Directions for this task
Everything in the records below from the line containing "- 抖音企业号认证全攻略:轻松实现企业账号认证!" through the line containing "Стартер на бензиновых" is to be reproduced exactly, those two lines included; no picture is to be copied.

The input
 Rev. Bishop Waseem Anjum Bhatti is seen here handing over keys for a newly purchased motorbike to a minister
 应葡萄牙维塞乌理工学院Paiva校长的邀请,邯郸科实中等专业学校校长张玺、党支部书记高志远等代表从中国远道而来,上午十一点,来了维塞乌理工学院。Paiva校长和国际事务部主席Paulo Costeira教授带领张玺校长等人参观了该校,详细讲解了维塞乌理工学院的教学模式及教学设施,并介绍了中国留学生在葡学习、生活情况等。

--

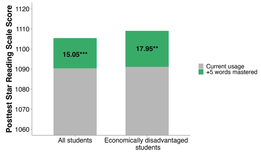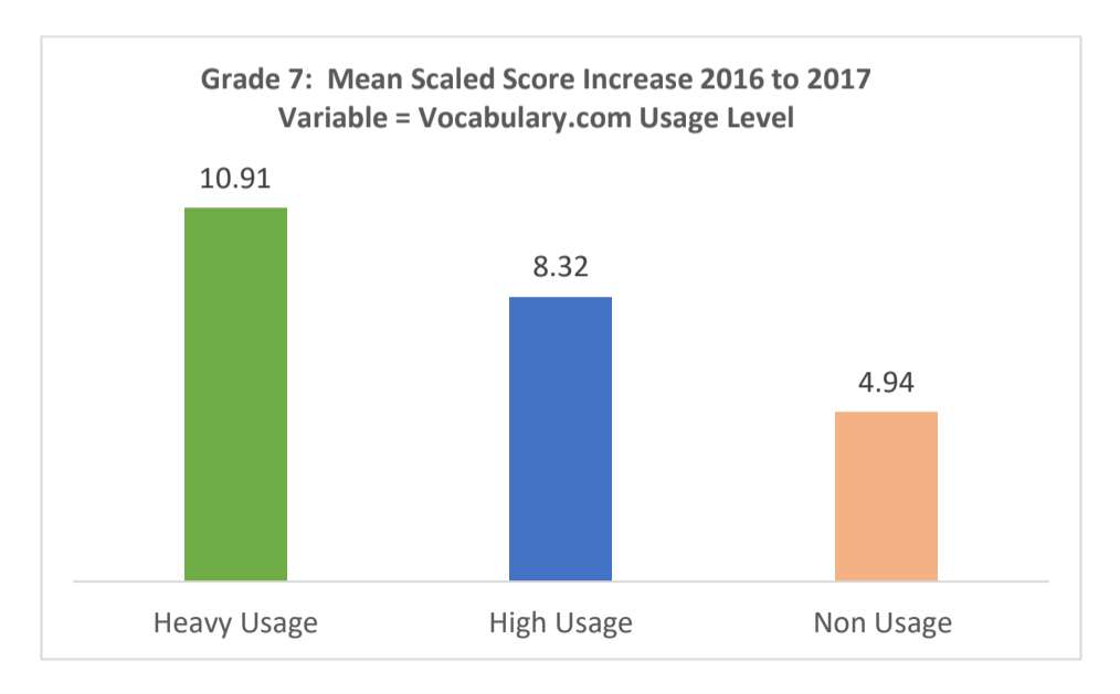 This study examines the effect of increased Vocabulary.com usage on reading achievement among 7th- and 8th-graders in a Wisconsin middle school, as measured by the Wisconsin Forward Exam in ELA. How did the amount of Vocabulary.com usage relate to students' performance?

* * *

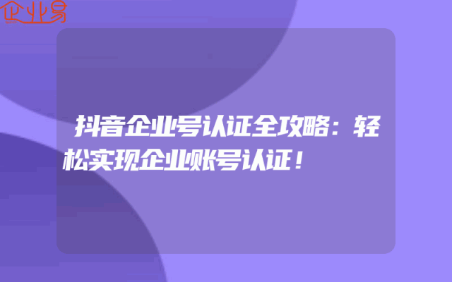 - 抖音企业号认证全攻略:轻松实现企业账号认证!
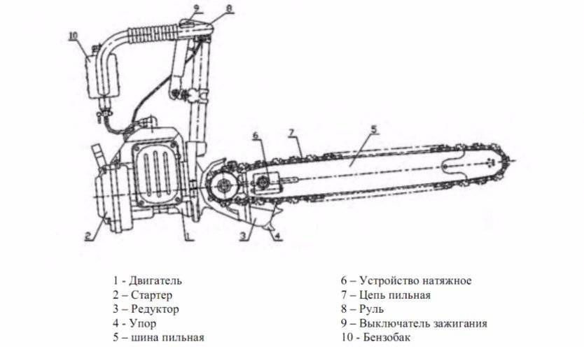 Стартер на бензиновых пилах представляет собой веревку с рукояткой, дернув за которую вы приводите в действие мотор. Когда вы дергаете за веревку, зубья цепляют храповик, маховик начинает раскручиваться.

The answer
 - 抖音企业号认证全攻略:轻松实现企业账号认证!
 Стартер на бензиновых пилах представляет собой веревку с рукояткой, дернув за которую вы приводите в действие мотор. Когда вы дергаете за веревку, зубья цепляют храповик, маховик начинает раскручиваться.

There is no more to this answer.